Diabetes primary prevention of cardiovascular events
Editor-In-Chief: C. Michael Gibson, M.S., M.D. [1]
Overview
Primary Prevention with Aspirin
The safety and efficacy of low-dose aspirin in the primary prevention of cardiovascular events in patients with type 2 diabetes is controversial.
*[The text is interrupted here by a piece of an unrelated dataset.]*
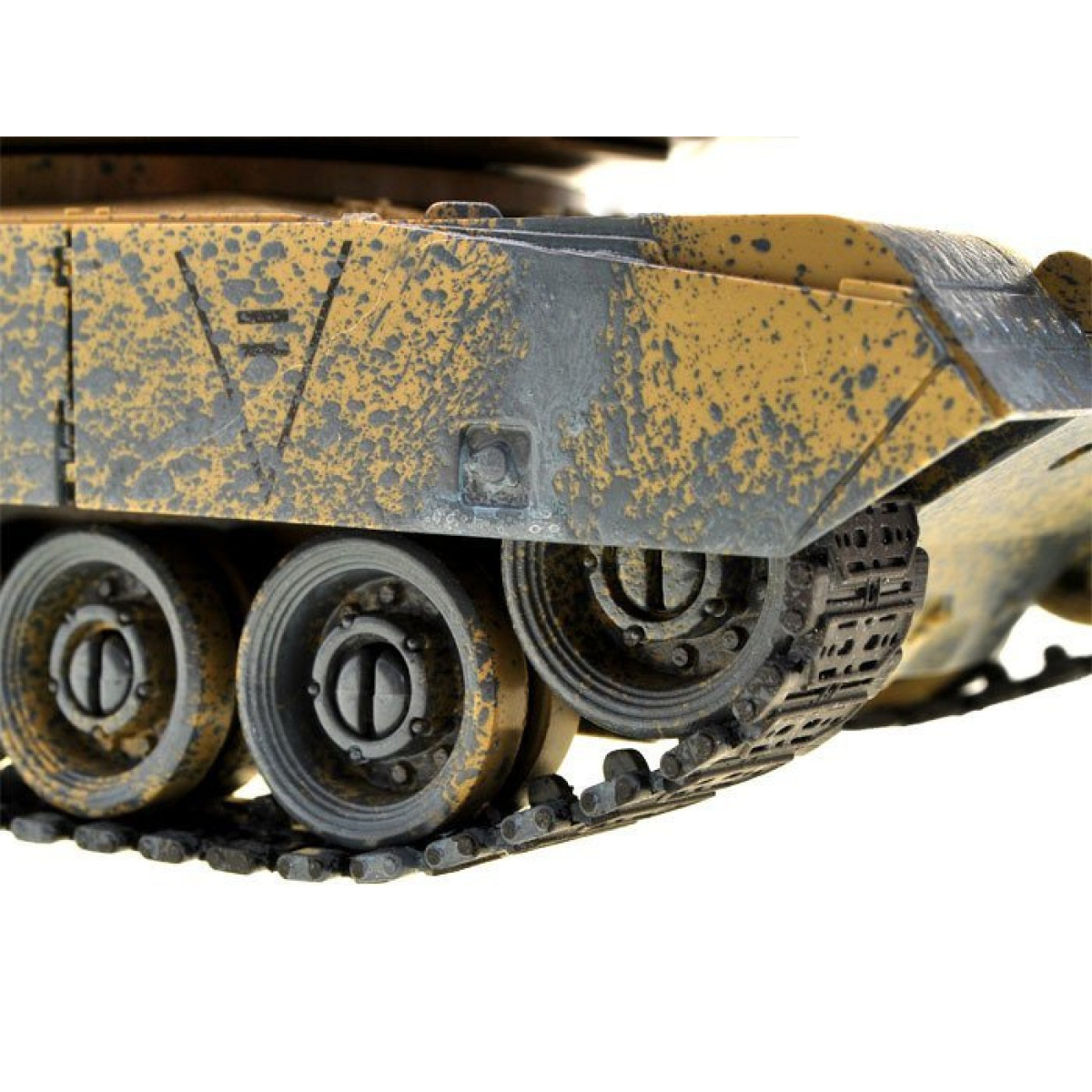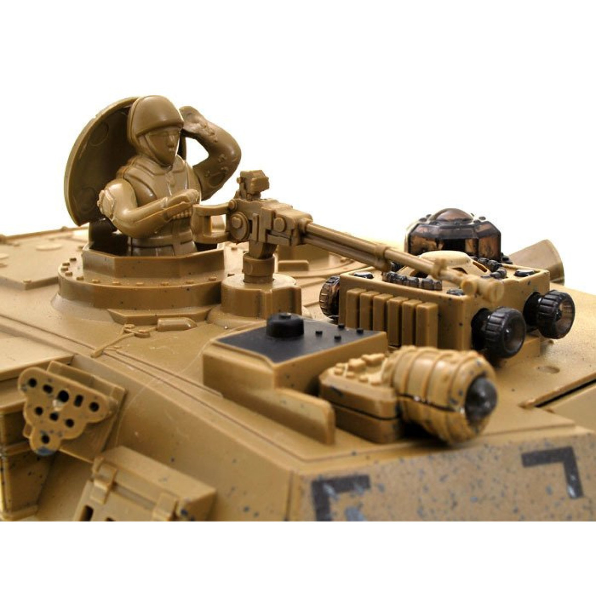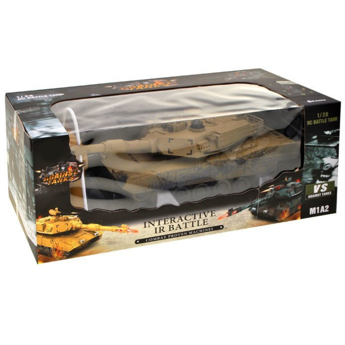 Tanka M1A2 Abrams modelis ar tuksneša maskējumu un gumijas kāpurķēdēm izskatās lieliski dzīvē. Rotējošā tornīte var griezties par 180 grādiem katrā virzienā, nodrošinot 360 grādu uguns iespējas. Tankam ir iespaidīgs apgaismojums, kas izskatās lieliski tumšākā telpā. Transportlīdzeklim ir atverams lūks tornī, kurā var ievietot pievienoto tankistu un ložmetēju. Tanks tiek darbināts ar komplektā iekļauto akumulatoru, kas ievērojami samazina ekspluatācijas izmaksas. Tas var braukt uz priekšu, atpakaļ, pagriezties pa labi un pa kreisi.

In one prospective, randomized, multicenter, blinded trial, 2,539 type 2 diabetes patients with no history of atherosclerotic events were followed for a median of 4.4 years were randomized to either low-dose aspirin (81 or 100 mg per day) or placebo control[1]. There was no difference in the risk of fatal or nonfatal ischemic heart disease, fatal or nonfatal stroke, and peripheral arterial disease: 13.6 events per 1000 person-years in the aspirin group vs 17.0 per 1000 person-years in the non-aspirin group, hazard ratio [HR], 0.80; 95% confidence interval [CI], 0.58-1.10; log-rank test, P = .16). For the secondary endpoint of fatal coronary events and fatal cerebrovascular events, there was a significant advantage of low dose aspirin: there was 1 stroke among the patients treated with aspirin and there were 5 fatal myocardial infarctions and 5 fatal strokes in the nonaspirin group (HR, 0.10; 95% CI, 0.01-0.79; P = .0037). With respect to all cause mortality, 34 aspirin patients and 38 non-aspirin patients died from any cause (HR, 0.90; 95% CI, 0.57-1.14; log-rank test, P = .67). Thus, although the results were somewhat mixed, the primary endpoint did not favor aspirin, among patients with type 2 diabetes, the use of low-dose aspirin was not effective in primary prevention of atherosclerotic events.
References
- ↑ Ogawa H, Nakayama M, Morimoto T, Uemura S, Kanauchi M, Doi N; et al. (2008). "Low-dose aspirin for primary prevention of atherosclerotic events in patients with type 2 diabetes: a randomized controlled trial". JAMA. 300 (18): 2134–41. doi:10.1001/jama.2008.623. PMID 18997198.